Much harder, it turns out. But! There’s some interesting maths along the way.

Following a similar scheme to last time, I noticed that $r = \sqrt [3]{2}$ is a bit more than 1, so it can be written as $r = 1 + \frac {1}{x_1}$.

Rearranging that gives $x_1 = \frac {1}{r - 1}$, which is where the trouble starts: the difference of cubes isn’t so nice as the difference of squares. It’s not so bad here, though: it’s clear enough that $r^3 - 1 = (r-1)(r^2 + r + 1)$.

That means we can write $\frac {1}{r-1}$ as $r^2 + r + 1$, noting that $r^3-1 = 1$.

Let’s take it as read that the Mathematical Ninja has told us that $\sqrt [3]{2} \approx \frac {5}{4}$ and that $\sqrt [3]{2}^2 \approx \frac {8}{5}$ via some sort of binomial trickery. That tells us that our $x_1$ is between 3 and 4, which means our continued fraction starts $\left [1;3\right ]$ and we’re left with $x_2 = \frac {1}{r^2 + r - 2}$.

At first glance, that’s a bit brutal: however, the denominator factorises as $(r+2)(r-1)$, so we can infer that the multiplier is $(r^2 - 2r + 4)(r^2 + r + 1)$. Remembering that $r^3=2$ turns this into $3r^2 + 4r+2$, and the denominator into 10.

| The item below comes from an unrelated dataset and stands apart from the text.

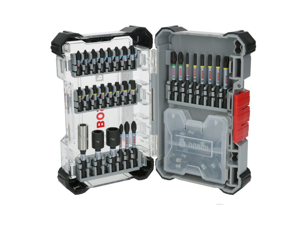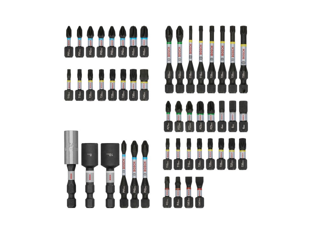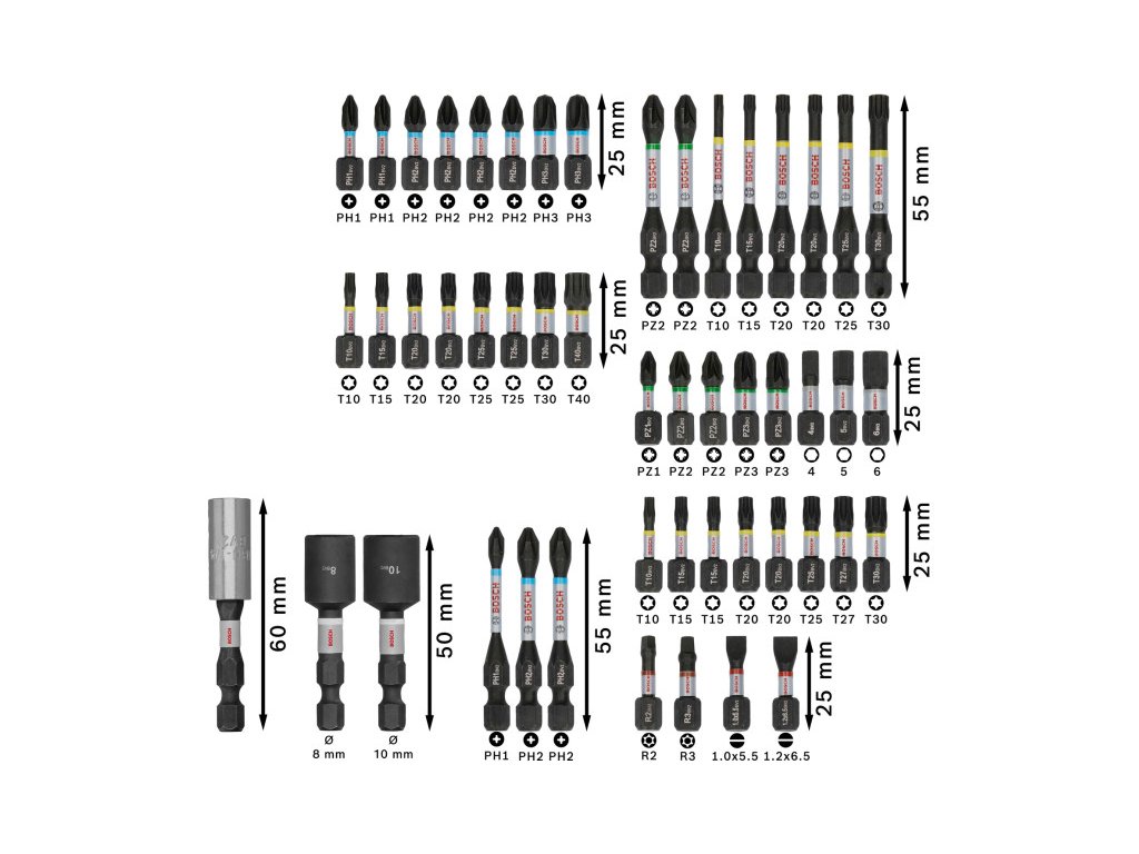 Sada obsahuje: 25 mm skrutkovací bit: PH1 (2 ks); PH2 (4 kusy); PH3 (2 ks) PZ1; PZ2 (2 kusy); PZ3 (2 ks) T10 (2 ks); T15 (3 ks); T20 (4 kusy); T25 (3 ks); T27; T30 (2 ks); T40H4; H5; H6SL5,5; SL6.5R2; R355 mm skrutkovací bit: PH1; PH2 (2 ks) PZ2 (2 ks) T10; T15; T20 (2 kusy); T25; T3050 mm nástrčný kľúč: 8 mm; Držiak bitov 10 mm 60 mm

How much is that? The top is a little over 11, so our next value is 1 and our next denominator is $3r^2 + 4r - 8$ – but this doesn’t factorise.

Instead, we need to work through some tedious algebra to find $(ar^2 + br + c)$ such that $(ar^2 + br + c)(3r^2 +4r -8)$ is an integer. This involves multiplying the whole thing out, replacing all of the $r^3$ terms with 2, and making sure the $r^2$ and $r$ terms vanish. I get $a=c=4$ and $b=5$, which gives a denominator of 30.

I’m not going to go any further with it, but I think this is something to do with field extensions – it’s neat that it always seems to be possible to rationalise the cubic denominator, even if it’s not pleasant. I wonder if there’s an easier process?